▶ **Dataset**:

-- -- --

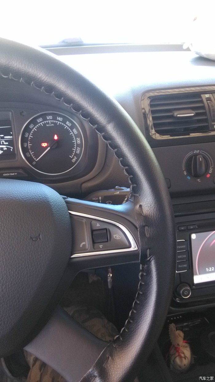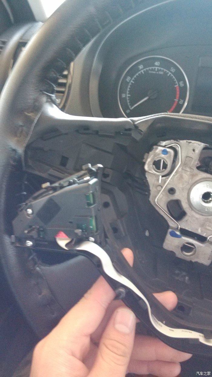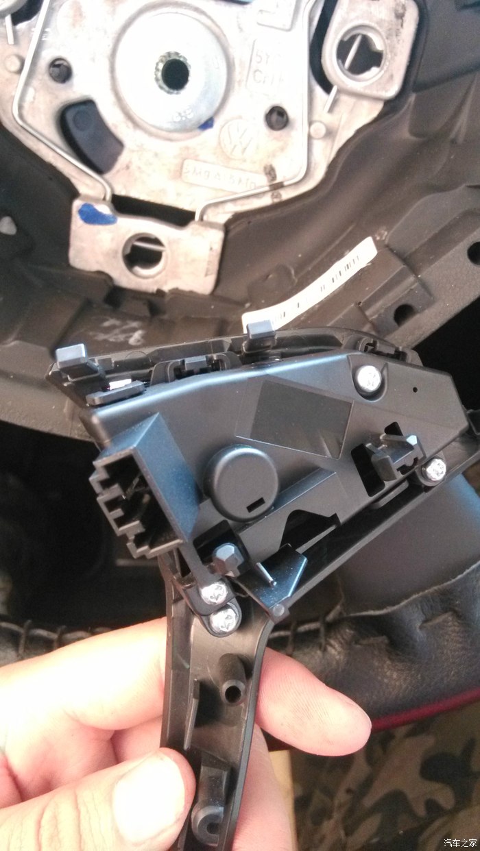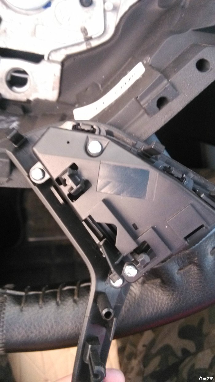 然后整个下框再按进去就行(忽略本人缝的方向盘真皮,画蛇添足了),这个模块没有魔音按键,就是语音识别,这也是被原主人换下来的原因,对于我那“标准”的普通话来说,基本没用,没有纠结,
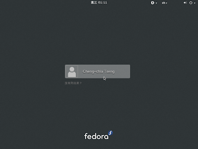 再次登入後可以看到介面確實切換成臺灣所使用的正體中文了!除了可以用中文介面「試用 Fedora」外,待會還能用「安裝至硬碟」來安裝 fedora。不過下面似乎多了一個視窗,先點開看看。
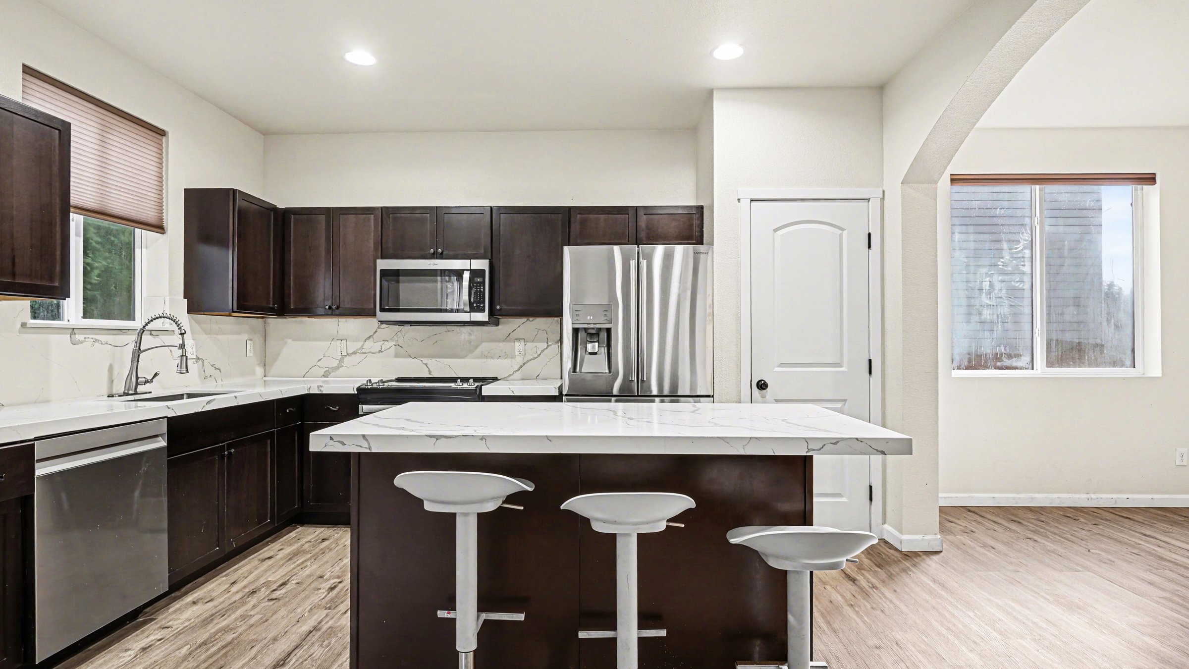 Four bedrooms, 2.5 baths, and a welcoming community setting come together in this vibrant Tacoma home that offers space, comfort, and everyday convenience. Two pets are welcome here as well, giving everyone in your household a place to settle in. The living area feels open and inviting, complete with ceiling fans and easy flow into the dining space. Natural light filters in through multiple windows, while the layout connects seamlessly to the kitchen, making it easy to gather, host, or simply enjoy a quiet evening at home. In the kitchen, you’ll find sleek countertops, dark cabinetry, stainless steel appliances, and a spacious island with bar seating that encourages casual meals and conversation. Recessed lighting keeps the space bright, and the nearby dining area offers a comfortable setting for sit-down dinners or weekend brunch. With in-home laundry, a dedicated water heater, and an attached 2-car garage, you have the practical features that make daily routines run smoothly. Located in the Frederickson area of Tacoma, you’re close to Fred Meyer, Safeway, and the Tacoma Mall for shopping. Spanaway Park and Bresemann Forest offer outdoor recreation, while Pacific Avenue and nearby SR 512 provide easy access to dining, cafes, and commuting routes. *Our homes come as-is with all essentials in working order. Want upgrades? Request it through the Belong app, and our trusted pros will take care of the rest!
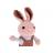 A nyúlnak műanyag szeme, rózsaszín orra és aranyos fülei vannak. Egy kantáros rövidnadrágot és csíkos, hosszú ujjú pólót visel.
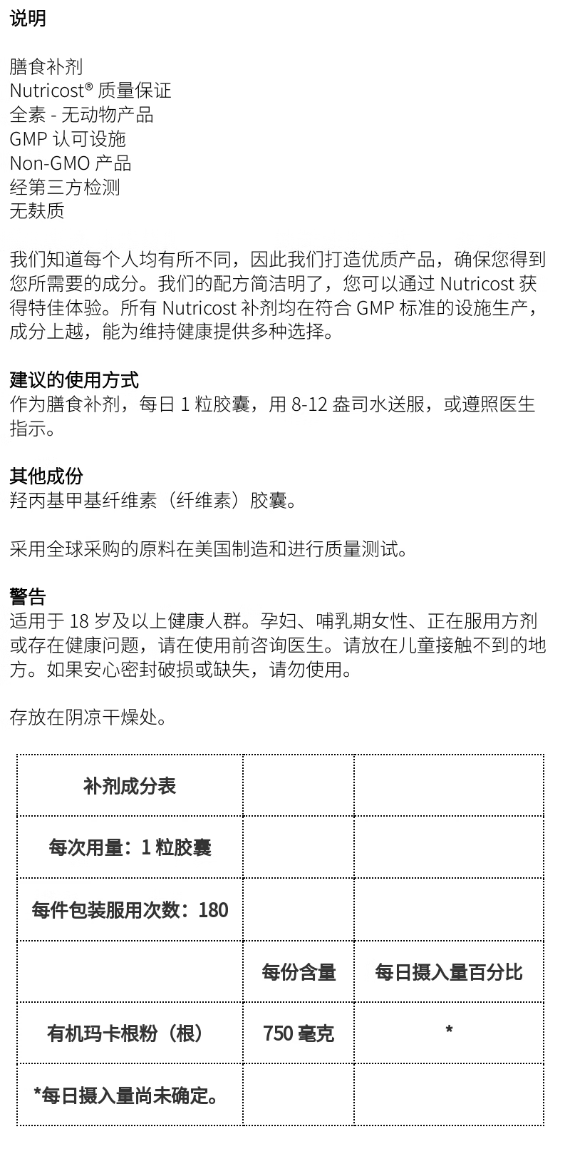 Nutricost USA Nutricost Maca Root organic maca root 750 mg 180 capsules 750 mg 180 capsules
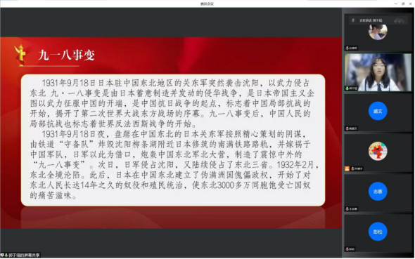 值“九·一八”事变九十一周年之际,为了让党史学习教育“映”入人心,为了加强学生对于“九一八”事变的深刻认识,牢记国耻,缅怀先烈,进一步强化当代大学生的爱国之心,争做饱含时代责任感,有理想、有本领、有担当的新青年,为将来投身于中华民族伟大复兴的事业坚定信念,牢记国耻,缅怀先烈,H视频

-- -- --

▶ **Work instruction**: Should any entry above carry a picture, omit it and repeat everything else word for word.

▶ **Output**:
 然后整个下框再按进去就行(忽略本人缝的方向盘真皮,画蛇添足了),这个模块没有魔音按键,就是语音识别,这也是被原主人换下来的原因,对于我那“标准”的普通话来说,基本没用,没有纠结,
 再次登入後可以看到介面確實切換成臺灣所使用的正體中文了!除了可以用中文介面「試用 Fedora」外,待會還能用「安裝至硬碟」來安裝 fedora。不過下面似乎多了一個視窗,先點開看看。
 Four bedrooms, 2.5 baths, and a welcoming community setting come together in this vibrant Tacoma home that offers space, comfort, and everyday convenience. Two pets are welcome here as well, giving everyone in your household a place to settle in. The living area feels open and inviting, complete with ceiling fans and easy flow into the dining space. Natural light filters in through multiple windows, while the layout connects seamlessly to the kitchen, making it easy to gather, host, or simply enjoy a quiet evening at home. In the kitchen, you’ll find sleek countertops, dark cabinetry, stainless steel appliances, and a spacious island with bar seating that encourages casual meals and conversation. Recessed lighting keeps the space bright, and the nearby dining area offers a comfortable setting for sit-down dinners or weekend brunch. With in-home laundry, a dedicated water heater, and an attached 2-car garage, you have the practical features that make daily routines run smoothly. Located in the Frederickson area of Tacoma, you’re close to Fred Meyer, Safeway, and the Tacoma Mall for shopping. Spanaway Park and Bresemann Forest offer outdoor recreation, while Pacific Avenue and nearby SR 512 provide easy access to dining, cafes, and commuting routes. *Our homes come as-is with all essentials in working order. Want upgrades? Request it through the Belong app, and our trusted pros will take care of the rest!
 A nyúlnak műanyag szeme, rózsaszín orra és aranyos fülei vannak. Egy kantáros rövidnadrágot és csíkos, hosszú ujjú pólót visel.
 Nutricost USA Nutricost Maca Root organic maca root 750 mg 180 capsules 750 mg 180 capsules
 值“九·一八”事变九十一周年之际,为了让党史学习教育“映”入人心,为了加强学生对于“九一八”事变的深刻认识,牢记国耻,缅怀先烈,进一步强化当代大学生的爱国之心,争做饱含时代责任感,有理想、有本领、有担当的新青年,为将来投身于中华民族伟大复兴的事业坚定信念,牢记国耻,缅怀先烈,H视频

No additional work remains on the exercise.